Our pup spent the night in her crate from day 1, put her to bed at 11pm and up again at 5.30-6 (OH has to be at work for 7 so is the first one up) and she was great, cried for 5 minutes the first night at about 4am but settled quickly, she didn't wee in her crate at all. She loved her crate. OH's step sister was still up with her puppy during the night 8 months in because every time it cried she went in and fussed it, whereas ours has always been put to bed in the kitchen and not fussed. 

Never went to sleep in the bedroom although our house is upside down so just across the hall from the kitchen so we can hear her if needs be.


----------



## CAYLA (9 September 2012)

I am not a softie as such ands all pups that come in here (alot) remain in their crates downstairs, however I understand due to varied circumstance not everyone can do this (if you have paper thin walls) and are worried about neighbours complaining then upstairs for a week is no huge deal (along as) the crate you use has the same bed/is completely covered and the feeding rrotuine is exactly the same when the crate goes down stairs on day 5 or 7, in effect the puppy does not know what room it's been left in as it blacked out, just as it was upstairs.
As suggested vet bed/and extra blanket to snuggle and teddy bear equal to pups size (no treats left for bed) but definately dueing the day when time is spent in the crate as positive association.
A huge mistake for example would be to allow a pup to have the freedom of the whole bedroom or on your bed then because it wakes and wees on the floor each night you think "it will have to go downstairs now" and downstairs then looks nothing like upstairs either using a crate or leaving the pup in the kitchen (it's to much and the pup will kick u a fuss).
It's the familiarity and routine that is important, so covered crate upstairs versus covered crate down is no difference to a puppy.

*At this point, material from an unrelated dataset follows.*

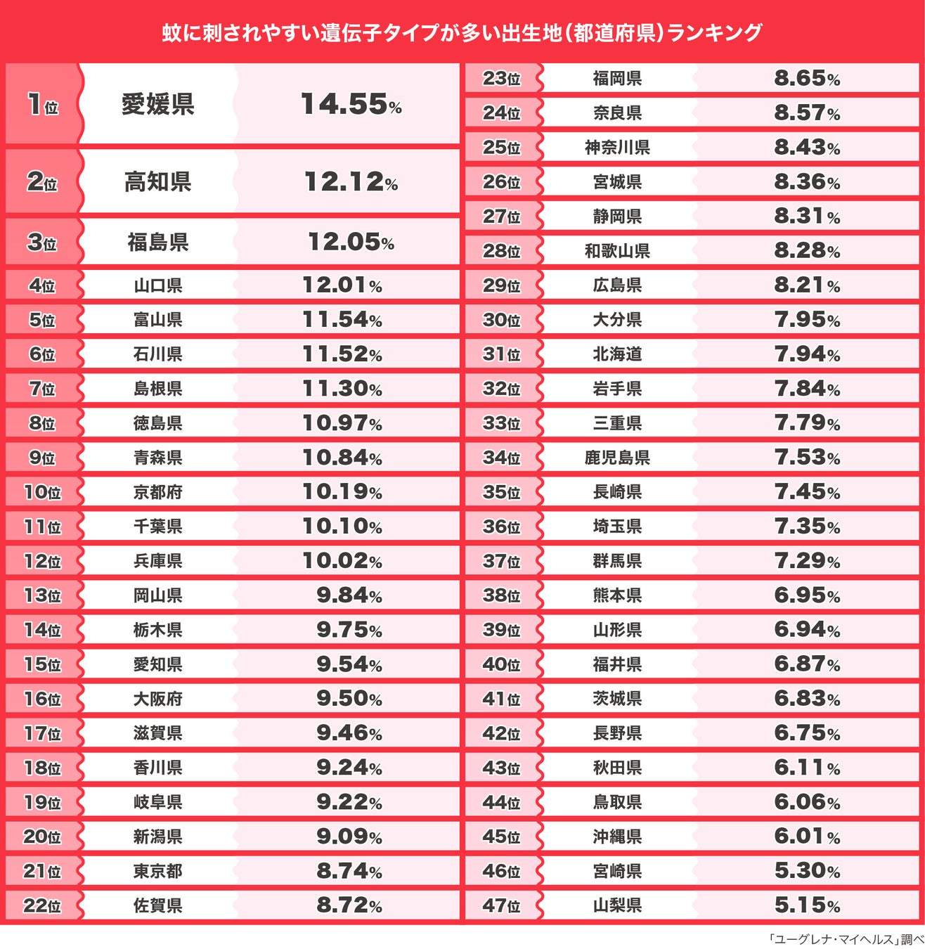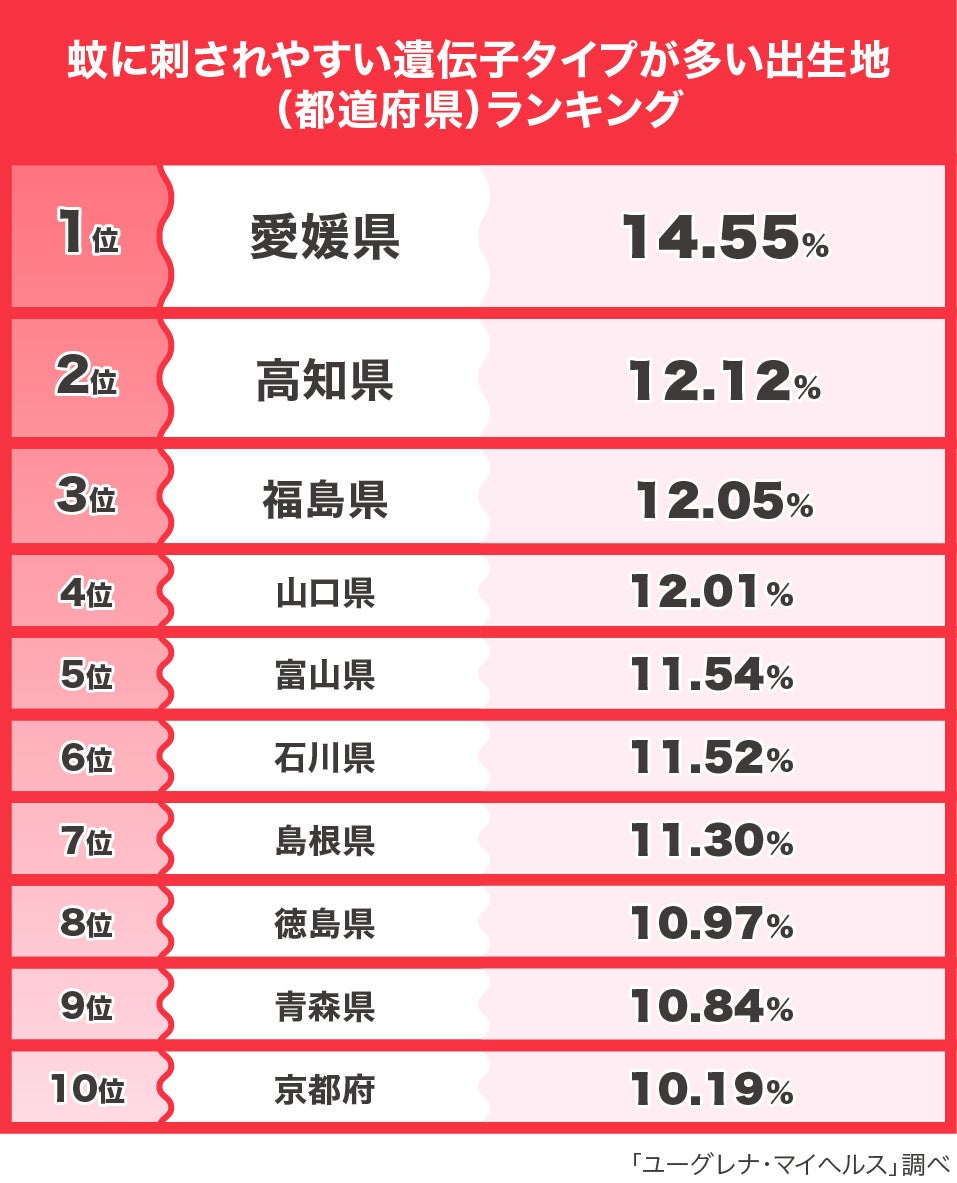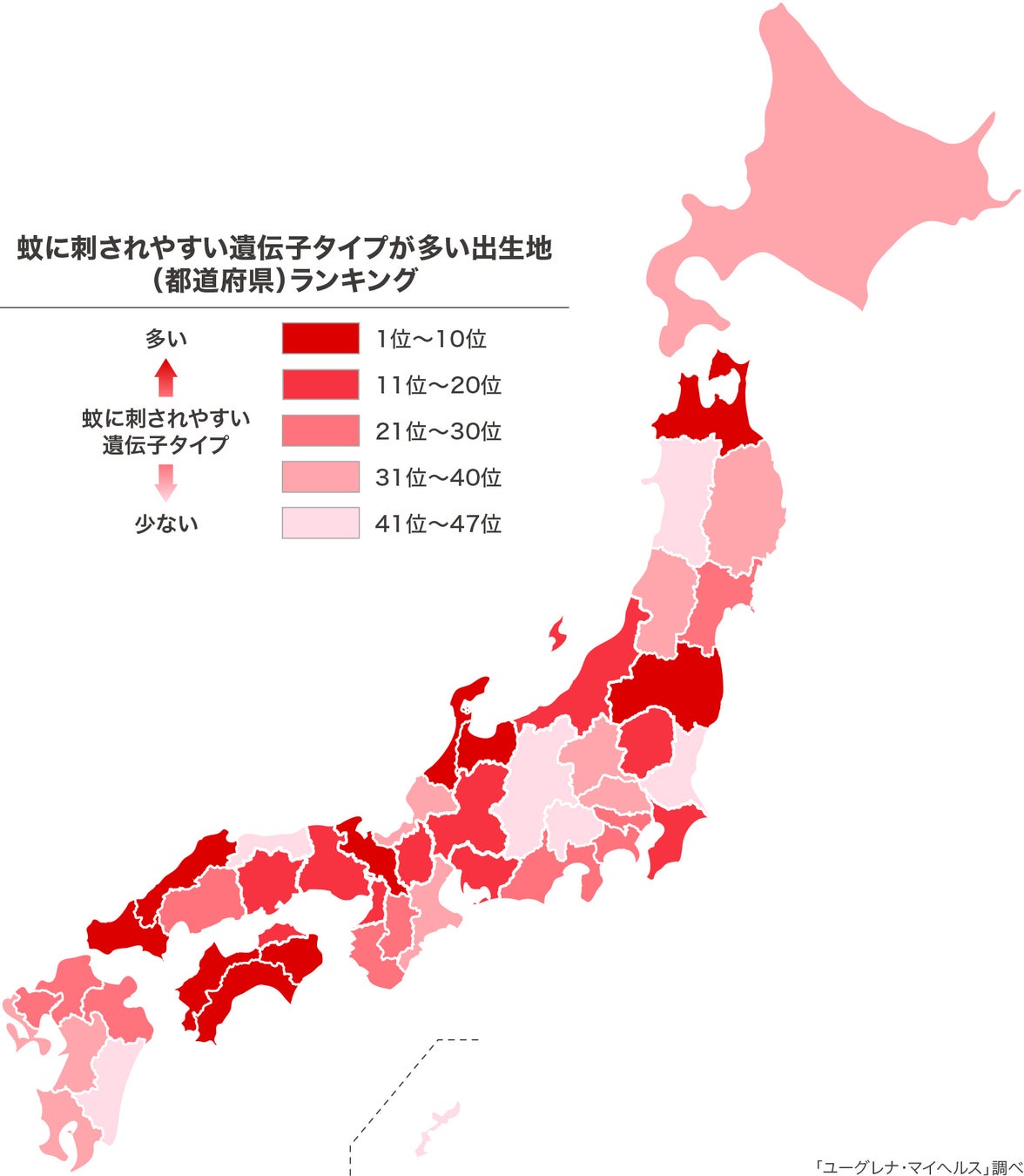 蚊に刺されやすい遺伝子タイプが多い出生地(都道府県)ランキング発表!中四国で多い傾向に 第1位は「愛媛県」出身で、血液型はO型

It's important to get the puppy in the crate during the day on it's first day home let alone just bed time. you need to spend the day feeding and tiring pup out and frequently placing it in the place with a positive (kong) chewy bar each time it goes in and cover it and encourage quiet time throughtout day one, this already gets pup accustomed for bed time.
Also travelling the pup home in a crate/large cat carrier again is a good start.
The large cat carrier could actually be used for upstairs bed time for the first week if you choose, saves you humping the crate up stairs and you can use the cat carRier for all car journeys. Aslong as you cover them both its basically the same thing.
So, it's up to you!
Also I prefer to randomly let pups to the toilet in the first few weeks rather than listen for a cry (each to their own) someone times as booboos suggests it can make the pup belive cry= (out of crate. So I get up and plonk pup on lawn and asoon as motions are passed straight back to crate (cover over) and back to bed.
Vet bed as suggested is good for early stage accident s over night, easy to wash and replace with a new sheet.
I would also say I recommend the last meal cut off is 6pm as I actusally dont lime late feeding for the simple reason the puppy then needs to pass all that food and so = alot more toileting over night, and is not great in the toilet training stages.


----------



## springtime13 (9 September 2012)

Our new (ish) puppy who is now 4 months old, still sleeps in her crate by our bed. She is a very useful alarm clock as she likes to be fed at 7am on the dot  . The rest of the time she alongside the others, is not allowed upstairs at all. We've never bothered with a crate downstairs, dogs have kitchen, dining room and dog flap. She house trained very easily using this method and only woke us up a couple of times to go outside in the night. I think she'll soon want to sleep downstairs with the older dogs. I personally wouldn't  leave a pup downstairs all alone, maybe out of a crate and snuggled with  another dog.


----------



## Booboos (9 September 2012)

One other thought: in general crate trained dogs find it very easy to settle when their crate is placed in another room/house, so you may find that it's not that much of a problem to change the room the puppy sleeps in later on as long as she is confident in her crate.


----------



## Toast (9 September 2012)

Wonderful, Thankyou for everyone's advice


----------